Getting Saturated (And Not Just by the Rain)

As Hurricane Hermine was preparing to strike the Florida Panhandle last week, here in Northeast Florida I was deluged by a torrent of another kind -- wall-to-wall "storm coverage" by both local and national news outlets.

Now although the storm did create some serious havoc along its direct path, we along the fringes were subject to breathless speculation about wind speeds, rainfall levels, storm path possibilities -- all widely varying and as it turns put completely wrong. On top of that you had local politicians posturing to be somber and leader-like, intoning on how prepared they were and why we should take this threat seriously.

This scenario has played out several times over the last few years as we've been lucky enough to escape major storms here in the hurricane capital of the U.S. (Hermine was the first hurricane to strike Florida since 2005). And you get the sense (justified or not) that the media weather departments can't wait to put their crack storm watch teams into some live action, sort of like invading a country because you want to do something with all that gear and training.

The problem with all this of course is that people start to tune the information out -- sure, whatever you say, heard it all before -- and then when there's a real need to, they won't be listening. But Larry, you might ask, beyond your usual grousing, what does this have to do with marketing since this is a marketing blog? Well I'm getting to that.

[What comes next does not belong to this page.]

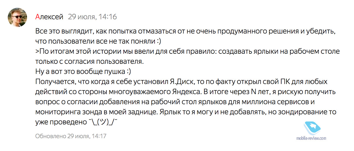 Юридически предъявить что-то "Яндексу" невозможно, компания может делать все что угодно, в том числе удалять ваши файлы. В 2013 году "Яндекс.Диск" удалял системную папку Windows, это происходило случайно. Думаю, что вопросов, почему это так, не должно возникать, равно как и почему "Яндекс.Диск" залезал туда (товарищ майор всегда был разборчив в том, что искать). Использую для работы "Яндекс.Диск", но никогда не ставлю его в виде приложения на компьютеры, только браузер и только на то время, когда загружаю файлы. Владимир Русинов, руководитель "Яндекс.Диска", решил защитить свое детище и выступил в корпоративном блоге. Объяснение смешное, хотели как лучше, получилось как всегда. Человек, отвечающий за продукт, утверждает, что удалить "Телемост" нельзя, а это как для MacOS, так и для Windows неправда, способ вынести папку приложения есть, и оно исчезает. Но больше всего мне понравились финальные слова: Владимир в "Яндексе" один отвечает за "Диск"? Кроме него нет никаких других людей, которые потенциально бывали в Интернете и знают, как он работает, что раздражает пользователей и вызывает однозначную реакцию? В 2020 году в "Яндексе" в очередной раз обещают создавать ярлыки на рабочем столе только с согласия пользователя! Аплодирую. Предусмотрительно не дано обещание не ставить ненужный софт без согласия человека, так как "Яндекс" продолжит это делать. Владимир вполне закономерно стал героем, и его панамка была быстро наполнена благодарными пользователями "Яндекс.Диска", читать комментарии одно удовольствие.

I've run across so many companies who think that more is necessarily better. Flood the Facebook page with posts. Send out those email blasts every other day. I actually ran across a prospect who placed the same print ad every day in the same position in the paper.

This is obviously counter-productive from a communications standpoint. You become like wallpaper and people start to tune you out. What's more, with email marketing, open and click-through rates diminish with increased frequency and with Facebook, the more posts you throw out there with no engagement, the less likely you are to get in anyone's feed.

So pick your spots carefully. Make sure you have engaging content with something that will hook your audience. And don't feel the need to beat them over the head with it. Take your cue from David Byrne and the Talking Heads' Psycho Killer:

"When I have nothing to say my lips are sealed
Say something once, why say it again?"